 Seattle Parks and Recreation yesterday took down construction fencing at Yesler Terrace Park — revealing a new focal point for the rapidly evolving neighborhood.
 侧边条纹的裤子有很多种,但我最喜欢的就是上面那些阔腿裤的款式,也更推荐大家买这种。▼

...

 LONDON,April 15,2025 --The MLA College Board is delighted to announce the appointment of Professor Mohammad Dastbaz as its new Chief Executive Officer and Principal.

==

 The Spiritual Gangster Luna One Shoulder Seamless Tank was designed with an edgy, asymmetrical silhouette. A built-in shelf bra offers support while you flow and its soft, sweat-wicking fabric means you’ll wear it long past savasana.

Brief. Find the line with "Seattle Parks and" in the material above. Reproduce it and each line after it up to and including the line with "侧边条纹的裤子有很多种,但我".

Written response.
 Seattle Parks and Recreation yesterday took down construction fencing at Yesler Terrace Park — revealing a new focal point for the rapidly evolving neighborhood.
 侧边条纹的裤子有很多种,但我最喜欢的就是上面那些阔腿裤的款式,也更推荐大家买这种。▼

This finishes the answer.